Health IT, Hospitals, Startups

A PHR company’s contrarian proposal: Build for the reality that interoperability may not happen

For all of the personal health record companies out there, one called ChartSpan Medical Technologies […]

For all of the personal health record companies out there, one called ChartSpan Medical Technologies caught my eye today. Its claim to fame is that it’s a “fully automated PHR app.” By that, the company means that users can upload email files or photos of their health records to the app, and it converts the contents into structured data. The app then organizes and stores a whole family’s data in the form of PHRs.

But wait, you say. That’s not fully automated. A truly automated PHR would pull in data from the EMR systems of a person’s doctors without any efforts by the user herself.

Yes, responds ChartSpan co-founder and CEO Jon-Michial Carter, but it’s time to start getting real about whether that’s actually going to happen, at least any time soon.

“Interoperability has been a goal for years, but it hasn’t been achieved,” Carter explained.  “We all know the technology exists today to make universal interoperability happen, but if we have free access to our healthcare records as patients, a lot of people don’t make money. I just get frustrated by the disingenuous conversations about it.”

He added that his team is a big fan of Blue Button, and if it became more pervasive the company would definitely work to accommodate what that technology could do. “But the truth is, 99 percent of the time we’re handed a piece of paper when we request our healthcare records. We want to accommodate that process today,” he said.

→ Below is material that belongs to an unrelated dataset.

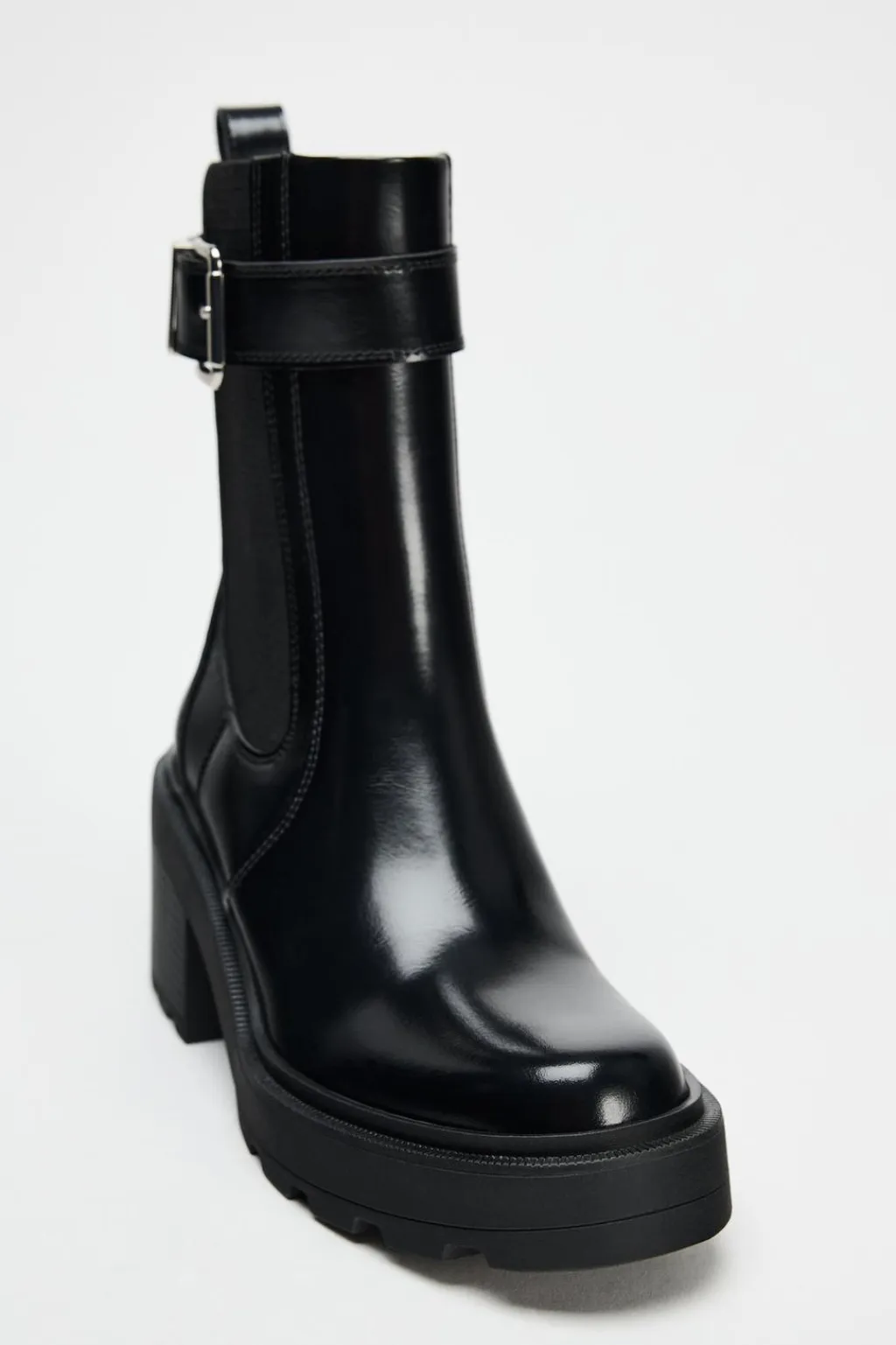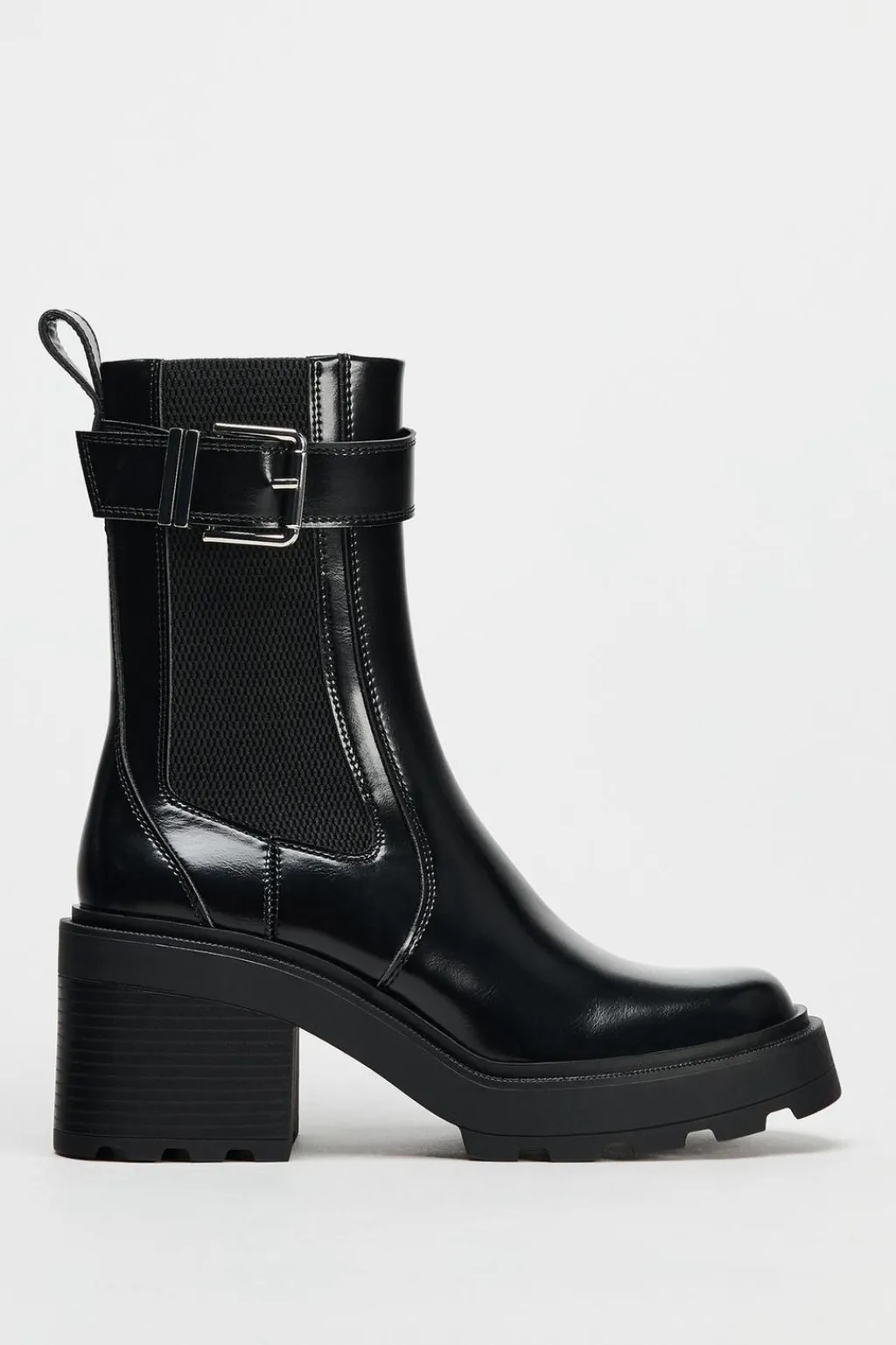 Zapato tipo botín con suela dentada. Detalle de hebilla en la caña ylateral elástico. Tirador trasero. Cierre mediante cremallera. Acabado en punta redonda.
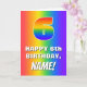 The front of this vibrant and fun birthday themed greeting card design features a large number “6” having a rainbow spectrum inspired gradient pattern. It also features the message “HAPPY 6th BIRTHDAY,”, and an editable name. The background of the front also has a cheerful multicolored rainbow spectrum gradient pattern. The inside has a customizable birthday greeting message, or could perhaps be cleared and left blank if a message is to be written by hand instead. A joyful, editable birthday greeting card like this might be used to celebrate somebody’s sixth birthday. [~Z0000570]

Carter’s young company today announced it closed a pre-seed funding round totaling just under $250,000. The round was led by Don Byrne, an entrepreneur in GI endoscopy who founded Byrne Medical (now Medivators), with participation from Carter and the Iron Yard Digital Healthcare Accelerator, the company said.

ChartSpan’s PHR is based on proprietary optical character recognition that lifts data from an image or file and converts it digital data. But the PHR, which can be used on a smartphone, tablet or computer, also attaches that original picture or record to the data it extracts. Users then can send the original record to a specialist, or send an original copy of an immunization record to a child’s nurse at school, and they can send it by fax or email from the app.

The ultimate goal is to be part of a paradigm shift that makes the patient the repository of healthcare information, rather than a provider, Carter stated. “Right now, a provider-based EHR can’t import API data from a fitness band or glucose reader, but a patient can,” he pointed out. “A provider today can’t take your human genome API and import it into their EHR, but a patient can. Patients can push their PHR data to anyone they want, but doctors can’t.  We get that providers need to have that information, but who is really in a better position to manage that data?”

The ChartSpan PHR is set to launch in Q4 of this year. Until then, the Houston-based company is wrapping up at the Iron Yard Digital Healthcare Accelerator in South Carolina.